Work task: Begin at the line below that has "в DirectX 11.". Stop after the line that has "2. После выбора", repeating each line exactly and leaving out the pictures.

Records to process:
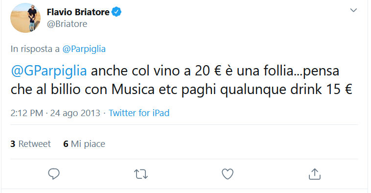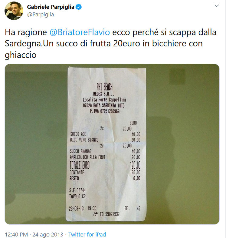 “Ha ragione Flavio Briatore – scrisse Parpiglia – ecco perché si scappa dalla Sardegna. Un succo di frutta 20euro in bicchiere con ghiaccio”.
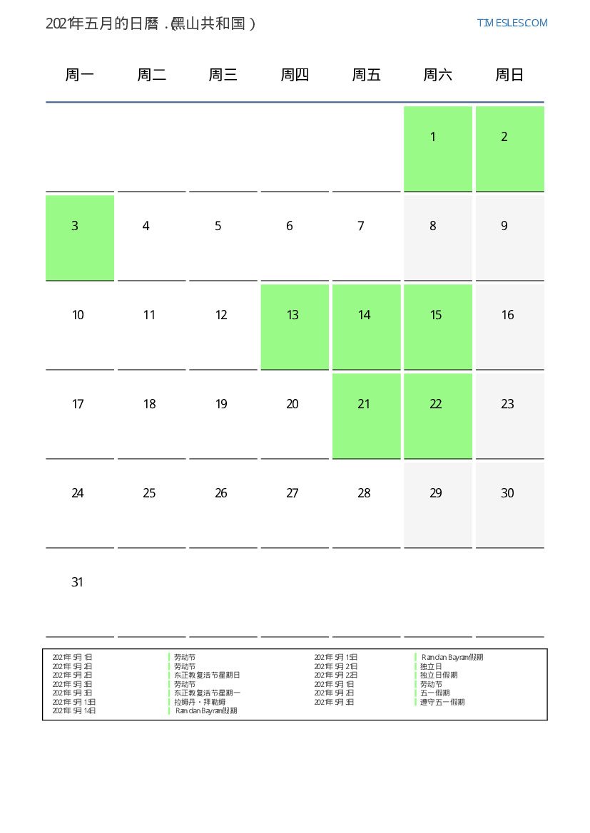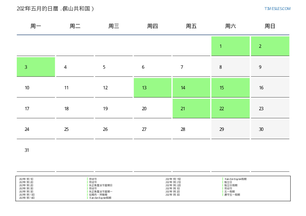 黑山共和国2021年五月日曆
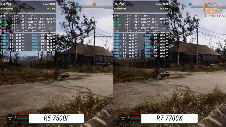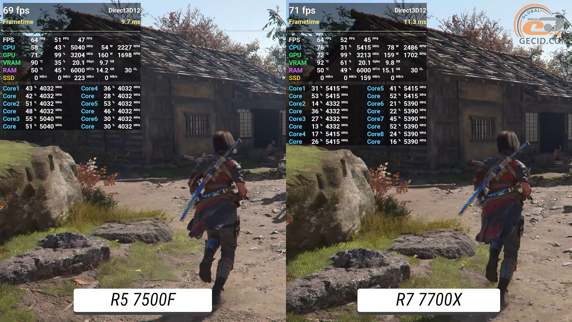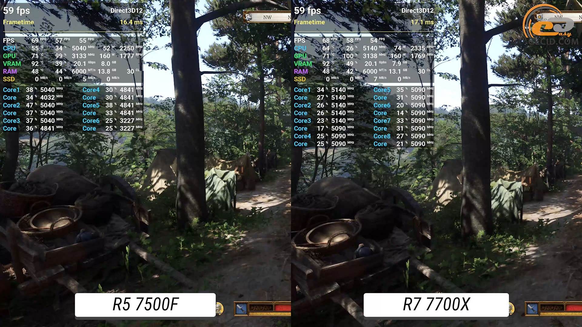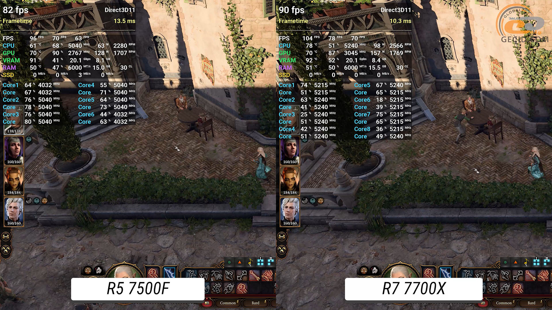 В Baldur`s Gate 3 с тем же ультра пресетом 8-ядерник заметно лучше нагружает видеокарту в сложных ситуациях с кучей NPC, что и в целом добавляет почти 10% быстродействия и уменьшает просадки. Хотя на 7500F геймплей достаточно комфортный, особенно в DirectX 11.
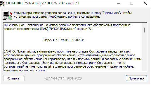 2. После выбора языка программа установки выдаст на экран лицензионное соглашение между пользователем ФПСУ‑IP/Клиента и ООО «АМИКОН». Для продолжения установки необходимо прочитать лицензионное соглашение и нажать кнопку «Принимаю» для согласия с условиями лицензионного соглашения, или отказаться от инсталляции при помощи кнопки «Отмена».
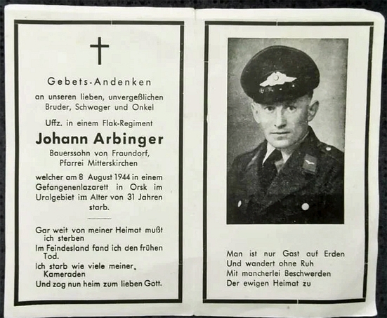 Unteroffizier | ARBINGER | Johann | 01.09.1913 21.09.1913 Fraundorf | 08.08.1944 07.08.1944 Gefangenen-Lazarett Orsk |
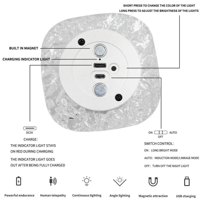 • Square Motion Sensor LED Night Light - Magnetic Rechargeable Wall Lamp with 3 Color Temperatures, 360 Rotating Ambient Light
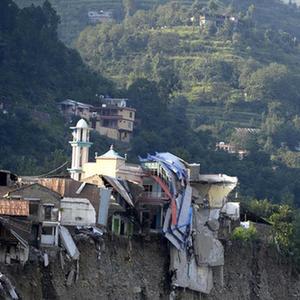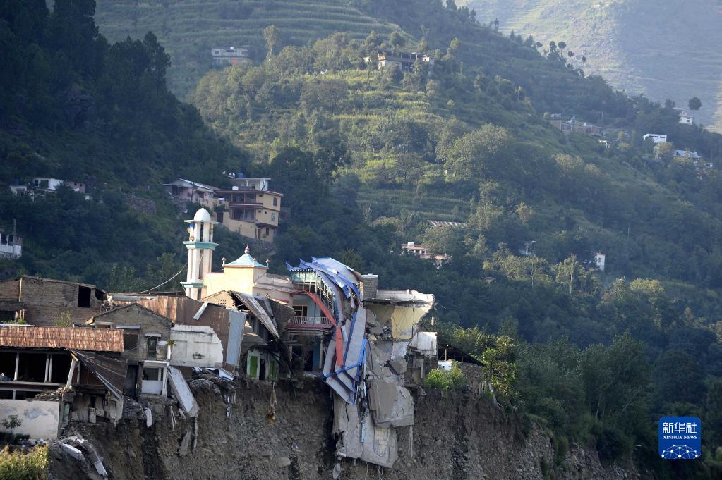 這是9月1日在巴基斯坦開(kāi)伯爾-普什圖省斯瓦特地區拍攝的被洪水損毀的房屋。
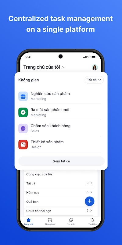 - Mengintegrasikan sembang dalaman, berkomunikasi pada setiap tugas, profil, proses.
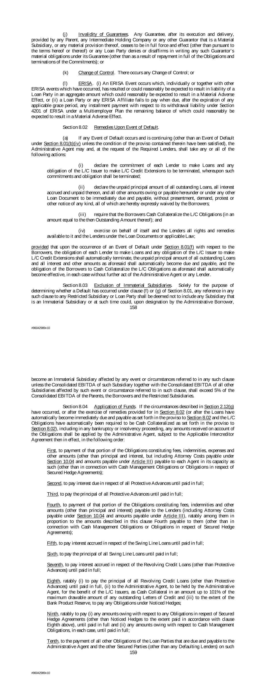 (j) Invalidity of Guarantees. Any Guarantee, after its execution and delivery, provided by any Parent, any Intermediate Holding Company or any other Guarantor that is a Material Subsidiary, or any material provision thereof, ceases to be in full force and effect (other than pursuant to the terms hereof or thereof) or any Loan Party denies or disaffirms in writing any such Guarantor’s material obligations under its Guarantee (other than as a result of repayment in full of the Obligations and terminations of the Commitments); or (k) Change of Control. There occurs any Change of Control; or (l) ERISA. (i) An ERISA Event occurs which, individually or together with other ERISA events which have occurred, has resulted or could reasonably be expected to result in liability of a Loan Party in an aggregate amount which could reasonably be expected to result in a Material Adverse Effect, or (ii) a Loan Party or any ERISA Affiliate fails to pay when due, after the expiration of any applicable grace period, any installment payment with respect to its withdrawal liability under Section 4201 of ERISA under a Multiemployer Plan the remaining balance of which could reasonably be expected to result in a Material Adverse Effect. Section 8.02 Remedies Upon Event of Default. (a) If any Event of Default occurs and is continuing (other than an Event of Default under Section 8.01(b)(iv) unless the condition of the proviso contained therein have been satisfied), the Administrative Agent may and, at the request of the Required Lenders, shall take any or all of the following actions: (i) declare the commitment of each Lender to make Loans and any obligation of the L/C Issuer to make L/C Credit Extensions to be terminated, whereupon such commitments and obligation shall be terminated; (ii) declare the unpaid principal amount of all outstanding Loans, all interest accrued and unpaid thereon, and all other amounts owing or payable hereunder or under any other Loan Document to be immediately due and payable, without presentment, demand, protest or other notice of any kind, all of which are hereby expressly waived by the Borrowers; (iii) require that the Borrowers Cash Collateralize the L/C Obligations (in an amount equal to the then Outstanding Amount thereof); and (iv) exercise on behalf of itself and the Lenders all rights and remedies available to it and the Lenders under the Loan Documents or applicable Law; provided that upon the occurrence of an Event of Default under Section 8.01(f) with respect to the Borrowers, the obligation of each Lender to make Loans and any obligation of the L/C Issuer to make L/C Credit Extensions shall automatically terminate, the unpaid principal amount of all outstanding Loans and all interest and other amounts as aforesaid shall automatically become due and payable, and the obligation of the Borrowers to Cash Collateralize the L/C Obligations as aforesaid shall automatically become effective, in each case without further act of the Administrative Agent or any Lender. Section 8.03 Exclusion of Immaterial Subsidiaries. Solely for the purpose of determining whether a Default has occurred under clause (f) or (g) of Section 8.01, any reference in any such clause to any Restricted Subsidiary or Loan Party shall be deemed not to include any Subsidiary that is an Immaterial Subsidiary or at such time could, upon designation by the Administrative Borrower, 158 #96042989v10 become an Immaterial Subsidiary affected by any event or circumstances referred to in any such clause unless the Consolidated EBITDA of such Subsidiary together with the Consolidated EBITDA of all other Subsidiaries affected by such event or circumstance referred to in such clause, shall exceed 5% of the Consolidated EBITDA of the Parents, the Borrowers and the Restricted Subsidiaries. Section 8.04 Application of Funds. If the circumstances described in Section 2.12(g) have occurred, or after the exercise of remedies provided for in Section 8.02 (or after the Loans have automatically become immediately due and payable as set forth in the proviso to Section 8.02 and the L/C Obligations have automatically been required to be Cash Collateralized as set forth in the proviso to Section 8.02), including in any bankruptcy or insolvency proceeding, any amounts received on account of the Obligations shall be applied by the Administrative Agent, subject to the Applicable Intercreditor Agreement then in effect, in the following order: First, to payment of that portion of the Obligations constituting fees, indemnities, expenses and other amounts (other than principal and interest, but including Attorney Costs payable under Section 10.04 and amounts payable under Article III) payable to each Agent in its capacity as such (other than in connection with Cash Management Obligations or Obligations in respect of Secured Hedge Agreements); Second, to pay interest due in respect of all Protective Advances until paid in full; Third, to pay the principal of all Protective Advances until paid in full; Fourth, to payment of that portion of the Obligations constituting fees, indemnities and other amounts (other than principal and interest) payable to the Lenders (including Attorney Costs payable under Section 10.04 and amounts payable under Article III), ratably among them in proportion to the amounts described in this clause Fourth payable to them (other than in connection with Cash Management Obligations or Obligations in respect of Secured Hedge Agreements); Fifth, to pay interest accrued in respect of the Swing Line Loans until paid in full; Sixth, to pay the principal of all Swing Line Loans until paid in full; Seventh, to pay interest accrued in respect of the Revolving Credit Loans (other than Protective Advances) until paid in full; Eighth, ratably (i) to pay the principal of all Revolving Credit Loans (other than Protective Advances) until paid in full, (ii) to the Administrative Agent, to be held by the Administrative Agent, for the b
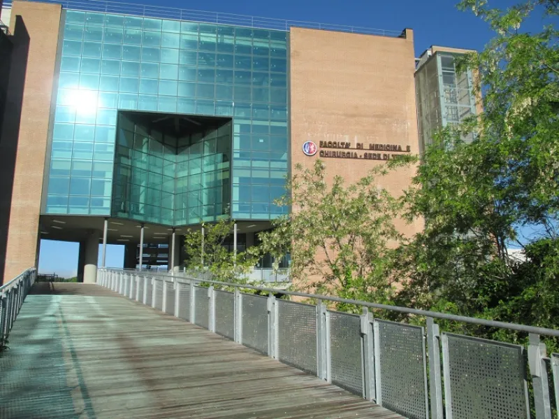 La struttura progettata dall’architetto Mario Vagata avrebbe dovuto rappresentare il punto di svolta per la formazione medica a Terni. Realizzata nell’anno accademico 2004/2005, l’opera si sviluppa in una torre semiellittica di cinque piani collegata da un ponte sospeso al parcheggio dell’ospedale “Santa Maria” e da una scalinata monumentale al piazzale antistante. Il complesso comprende l’aulario, i laboratori di ricerca con uno stabulario all’avanguardia, uffici, biblioteca e sale studio. Tutto funzionante, tranne che per l’ultimo piano. “All’ultimo piano era prevista l’Aula Magna, pensata come luogo di incontro e di rappresentanza per l’intero corso di laurea”, spiega Talamonti. “È stata tuttavia lasciata allo stato grezzo, in attesa dei finanziamenti necessari per il completamento e l’arredamento. A distanza di oltre vent’anni la situazione, purtroppo, non è cambiata”.

Exercise answer:
 В Baldur`s Gate 3 с тем же ультра пресетом 8-ядерник заметно лучше нагружает видеокарту в сложных ситуациях с кучей NPC, что и в целом добавляет почти 10% быстродействия и уменьшает просадки. Хотя на 7500F геймплей достаточно комфортный, особенно в DirectX 11.
 2. После выбора языка программа установки выдаст на экран лицензионное соглашение между пользователем ФПСУ‑IP/Клиента и ООО «АМИКОН». Для продолжения установки необходимо прочитать лицензионное соглашение и нажать кнопку «Принимаю» для согласия с условиями лицензионного соглашения, или отказаться от инсталляции при помощи кнопки «Отмена».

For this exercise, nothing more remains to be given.